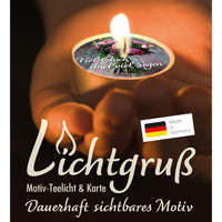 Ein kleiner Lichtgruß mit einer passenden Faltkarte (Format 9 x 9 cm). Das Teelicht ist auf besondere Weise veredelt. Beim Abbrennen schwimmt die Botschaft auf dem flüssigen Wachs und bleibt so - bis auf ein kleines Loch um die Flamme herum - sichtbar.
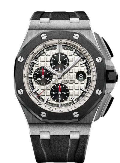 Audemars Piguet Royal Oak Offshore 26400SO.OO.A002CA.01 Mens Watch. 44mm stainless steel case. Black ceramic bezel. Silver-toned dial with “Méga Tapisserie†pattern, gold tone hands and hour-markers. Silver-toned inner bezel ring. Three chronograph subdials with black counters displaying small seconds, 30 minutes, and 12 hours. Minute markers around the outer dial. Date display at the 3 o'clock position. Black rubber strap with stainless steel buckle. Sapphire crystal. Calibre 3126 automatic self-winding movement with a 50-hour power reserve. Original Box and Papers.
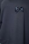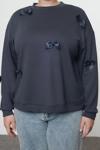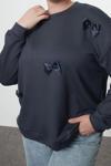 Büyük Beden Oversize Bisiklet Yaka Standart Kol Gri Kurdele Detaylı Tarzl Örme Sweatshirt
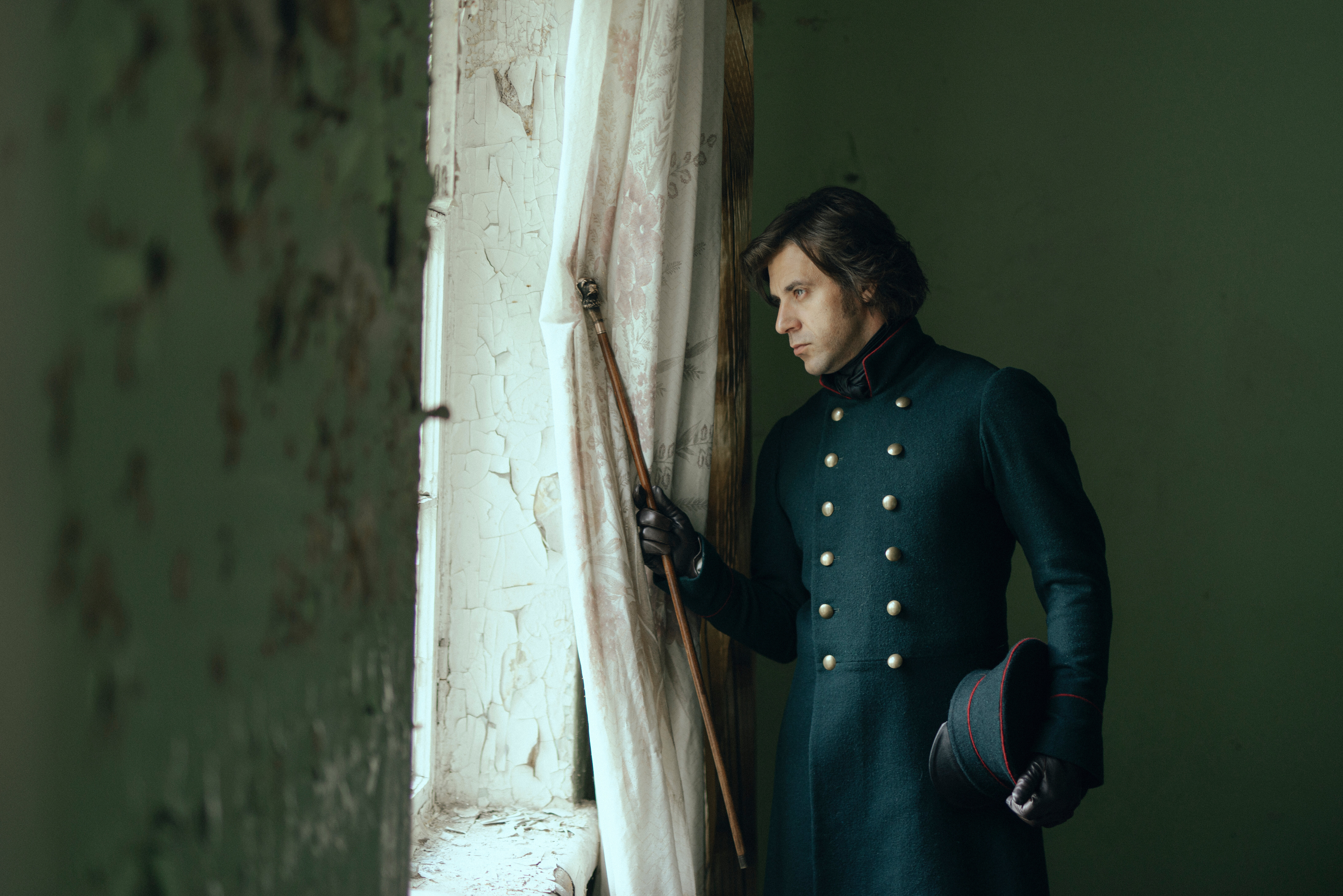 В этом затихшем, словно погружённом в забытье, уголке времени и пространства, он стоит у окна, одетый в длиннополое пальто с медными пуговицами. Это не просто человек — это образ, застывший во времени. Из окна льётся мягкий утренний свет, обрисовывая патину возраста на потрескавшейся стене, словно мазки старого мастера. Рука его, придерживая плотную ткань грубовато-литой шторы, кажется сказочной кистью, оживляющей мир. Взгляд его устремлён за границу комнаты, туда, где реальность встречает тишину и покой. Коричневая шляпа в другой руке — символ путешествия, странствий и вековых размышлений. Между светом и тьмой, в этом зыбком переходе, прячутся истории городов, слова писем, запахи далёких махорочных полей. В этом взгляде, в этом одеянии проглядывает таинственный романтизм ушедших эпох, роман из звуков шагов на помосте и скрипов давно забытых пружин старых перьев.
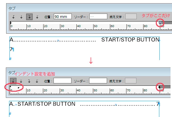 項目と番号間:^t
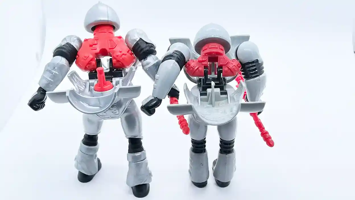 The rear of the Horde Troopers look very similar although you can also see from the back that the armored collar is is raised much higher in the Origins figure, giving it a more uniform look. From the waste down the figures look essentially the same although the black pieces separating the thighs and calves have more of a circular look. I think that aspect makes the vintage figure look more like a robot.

──────────

Say again, word for word, every line from the one with "Büyük Beden Oversize" through the last line of the data above, minus the pictures.

● **EXERCISE OUTPUT**
 Büyük Beden Oversize Bisiklet Yaka Standart Kol Gri Kurdele Detaylı Tarzl Örme Sweatshirt
 В этом затихшем, словно погружённом в забытье, уголке времени и пространства, он стоит у окна, одетый в длиннополое пальто с медными пуговицами. Это не просто человек — это образ, застывший во времени. Из окна льётся мягкий утренний свет, обрисовывая патину возраста на потрескавшейся стене, словно мазки старого мастера. Рука его, придерживая плотную ткань грубовато-литой шторы, кажется сказочной кистью, оживляющей мир. Взгляд его устремлён за границу комнаты, туда, где реальность встречает тишину и покой. Коричневая шляпа в другой руке — символ путешествия, странствий и вековых размышлений. Между светом и тьмой, в этом зыбком переходе, прячутся истории городов, слова писем, запахи далёких махорочных полей. В этом взгляде, в этом одеянии проглядывает таинственный романтизм ушедших эпох, роман из звуков шагов на помосте и скрипов давно забытых пружин старых перьев.
 項目と番号間:^t
 The rear of the Horde Troopers look very similar although you can also see from the back that the armored collar is is raised much higher in the Origins figure, giving it a more uniform look. From the waste down the figures look essentially the same although the black pieces separating the thighs and calves have more of a circular look. I think that aspect makes the vintage figure look more like a robot.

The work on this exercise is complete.